Дозы мелатонина подбирались из соотношения мемантин: мелатонин = 5:3.

Таким образом, исследуемые дозы комбинации мемантин + мелатонин были 5+3 мг/кг и 10+6 мг/кг. Отдельно, взятый для сравнения, мемантин изучался в дозах 5 и 10 мг/кг.

Характеристика популяции животных, используемых в опытах.

В данном исследовании, для анализа гомогенности популяции животных, использовались показатели массы тела (Таблица 2).
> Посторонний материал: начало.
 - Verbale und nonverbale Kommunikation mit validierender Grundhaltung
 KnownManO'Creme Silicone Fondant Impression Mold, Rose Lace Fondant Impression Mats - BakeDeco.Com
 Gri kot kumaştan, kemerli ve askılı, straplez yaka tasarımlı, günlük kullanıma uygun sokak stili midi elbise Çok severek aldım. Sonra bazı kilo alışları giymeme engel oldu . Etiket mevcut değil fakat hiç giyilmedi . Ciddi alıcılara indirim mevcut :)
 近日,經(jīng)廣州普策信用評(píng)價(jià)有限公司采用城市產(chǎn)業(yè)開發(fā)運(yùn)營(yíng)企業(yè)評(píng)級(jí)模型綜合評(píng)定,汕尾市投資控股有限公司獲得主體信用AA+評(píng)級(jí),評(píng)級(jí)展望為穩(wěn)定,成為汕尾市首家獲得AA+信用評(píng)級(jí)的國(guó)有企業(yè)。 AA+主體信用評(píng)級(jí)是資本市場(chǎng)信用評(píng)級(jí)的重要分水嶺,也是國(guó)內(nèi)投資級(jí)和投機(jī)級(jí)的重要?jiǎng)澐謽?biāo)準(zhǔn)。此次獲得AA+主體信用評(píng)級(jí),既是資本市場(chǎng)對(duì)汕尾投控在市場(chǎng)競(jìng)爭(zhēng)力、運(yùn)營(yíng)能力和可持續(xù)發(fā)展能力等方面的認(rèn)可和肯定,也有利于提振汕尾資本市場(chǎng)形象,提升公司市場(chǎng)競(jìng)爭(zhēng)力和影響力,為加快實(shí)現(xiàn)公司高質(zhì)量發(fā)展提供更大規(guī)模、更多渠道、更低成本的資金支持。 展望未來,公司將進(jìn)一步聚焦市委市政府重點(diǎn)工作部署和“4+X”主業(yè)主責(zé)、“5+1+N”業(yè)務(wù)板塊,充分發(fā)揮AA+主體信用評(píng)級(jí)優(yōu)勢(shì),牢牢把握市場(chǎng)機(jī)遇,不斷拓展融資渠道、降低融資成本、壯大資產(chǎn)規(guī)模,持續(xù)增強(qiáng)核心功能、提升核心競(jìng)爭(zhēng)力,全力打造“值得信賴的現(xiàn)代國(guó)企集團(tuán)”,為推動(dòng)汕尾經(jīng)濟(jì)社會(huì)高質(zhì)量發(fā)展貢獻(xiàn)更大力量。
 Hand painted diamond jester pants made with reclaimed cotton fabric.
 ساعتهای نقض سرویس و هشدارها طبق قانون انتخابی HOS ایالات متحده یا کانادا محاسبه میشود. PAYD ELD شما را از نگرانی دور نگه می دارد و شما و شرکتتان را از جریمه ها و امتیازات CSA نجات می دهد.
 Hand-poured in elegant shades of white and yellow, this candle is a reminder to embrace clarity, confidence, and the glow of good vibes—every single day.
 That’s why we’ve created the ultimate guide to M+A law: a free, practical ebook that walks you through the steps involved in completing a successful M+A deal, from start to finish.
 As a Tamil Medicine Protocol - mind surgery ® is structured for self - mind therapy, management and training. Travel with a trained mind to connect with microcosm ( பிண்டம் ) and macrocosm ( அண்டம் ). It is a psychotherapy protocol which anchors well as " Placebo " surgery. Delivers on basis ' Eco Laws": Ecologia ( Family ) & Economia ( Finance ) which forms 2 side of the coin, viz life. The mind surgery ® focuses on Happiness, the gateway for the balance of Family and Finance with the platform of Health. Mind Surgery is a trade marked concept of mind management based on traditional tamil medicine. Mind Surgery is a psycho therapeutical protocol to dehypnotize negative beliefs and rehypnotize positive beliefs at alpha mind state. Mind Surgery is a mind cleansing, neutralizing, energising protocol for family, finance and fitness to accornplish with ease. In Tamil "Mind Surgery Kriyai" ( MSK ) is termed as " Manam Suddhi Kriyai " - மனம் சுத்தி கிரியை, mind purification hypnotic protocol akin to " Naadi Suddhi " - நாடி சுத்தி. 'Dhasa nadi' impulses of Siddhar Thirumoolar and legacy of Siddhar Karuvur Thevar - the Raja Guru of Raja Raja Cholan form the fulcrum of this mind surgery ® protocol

Как видно из таблицы 2, группы животных не отличались по массе тела (данные дисперсионного анализа: F5,59=0,93; p=0,47; различия статистически недостоверны). Это свидетельствует о том, что по этому показателю в опытах использовалась гомогенная группа животных.

Влияние исследуемых веществ на двигательную активность и уровень исследовательской мотивации у мышей после введения бета-амилоида в латеральный желудочек мозга.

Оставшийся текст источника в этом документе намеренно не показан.